Folk Wisdom

| 13 Aug 2014 | 02:55

    Slow liquid is the metaphor with which to understand the guitar of Kevin Barker on You & Me, his solo debut. Not just the gurgling country brook, but also hard lemonade, a hot toddy, Irish coffee, simple syrup, molasses and of course, honey; his licks are sweet, simple and pleasing, so restrained that they sound reluctant to leave his guitar but when they finally descend, you marvel at the shimmering golden coils, piling up for an instant before dissipating.

    His press release pimps his work with pillars of the ‘freak folk’ scene like Devendra Banhart, Joanna Newsom and even the mother of them all, Vashti Bunyan, and this record gives ample evidence why he’s a sideman of choice as his notes winnow out their space without treading on the vocals or overloading the song.

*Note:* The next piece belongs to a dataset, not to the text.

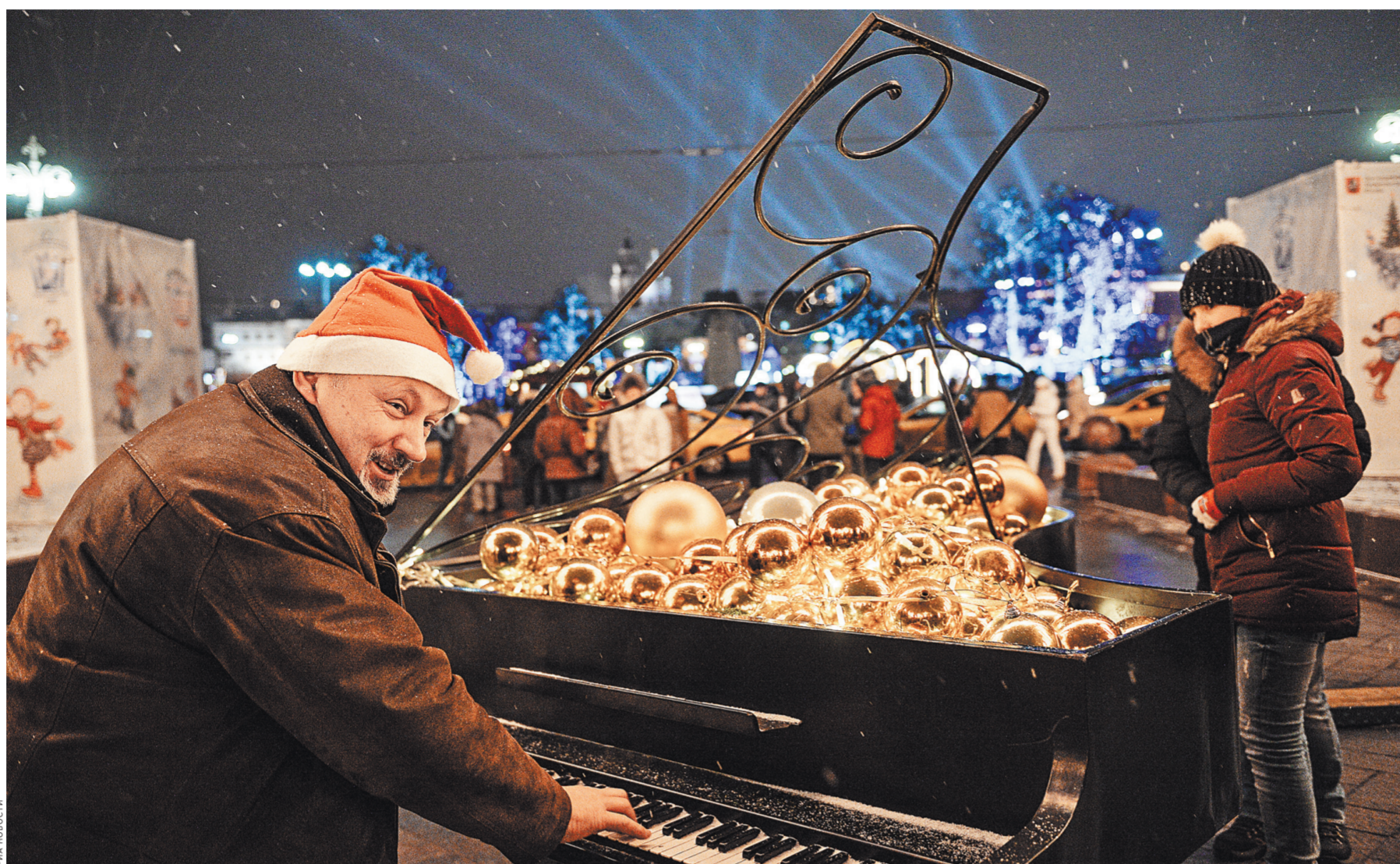
Деда как не на заснеженной улице играть новогодней блюз с елочными шарами. Главное, чтобы инструмент был настоящий.

But don’t let the company he keeps pigeonhole this record: it’s very much a stripped down country rock album in the tradition of under sung songwriter JJ Cale’s Naturally. The arrangement on the title track restricts itself to guitar, bass, drums, piano and two voices and manages to sound both creamy and spare at once. The bass sleeps on some fills, the drums slurp out of the pocket at times… There is not some over caffeinated engineer frantically nudging the beats onto a grid on some monolithic, pixel-greedy monitor. The fingerstyle guitar is distinctly unweird while deftly dodging the country tropes abused by other Brooklyn 70s revivalists. Barker’s voice is clear but warm and open as if he were actually relaxed and not just anxiously cultivating a relaxed vibe. This outing elicits comparisons to great songwriting guitarists from Nick Drake to Lovin’ Spoonful’s John Sebastian to, yeah, even quieter Jimi Hendrix.

    I caught him play during the depths of the blizzard of 2009, a show at The Stone that fell victim to winter’s stylishly late and nearly show-stopping entrance. It was the right venue, from The Stone’s almost unmarked entrance to the black paint already peeling from the worn wooden floor like the finish from the hip of a road-worn guitar. There was no band and his rig was no-frills, verging on ascetic—a newish Fender Deluxe Reverb amp, a three pickup Telecaster and the same white stompbox tuner slowly corroding in a damp rehearsal space. No rhinestone bedazzled Nudie suit, he wore jeans and heavy winter boots and, in a halting conversation with the event’s curator, decided aloud that the noisy radiator should be left on as a concession to comfort. Despite the strength of the record, I confess to worrying that it was going to suck. Of course, he was even more rhythmically confident and assured solo, speaking directly to the tempo without having a drummer act as a translator. He’s nailed not just narrative melodic lines but also the subtler moves like Sterling Morrison’s burbling stutter on The Velvet Underground’s "Pale Blue Eyes." I did miss the band’s fluid roll-and-tumble, the drums bouncing like Neil Young’s "Out On The Weekend" but only because I’d heard the record: Barker’s guitar easily carried the songs, the show and the night.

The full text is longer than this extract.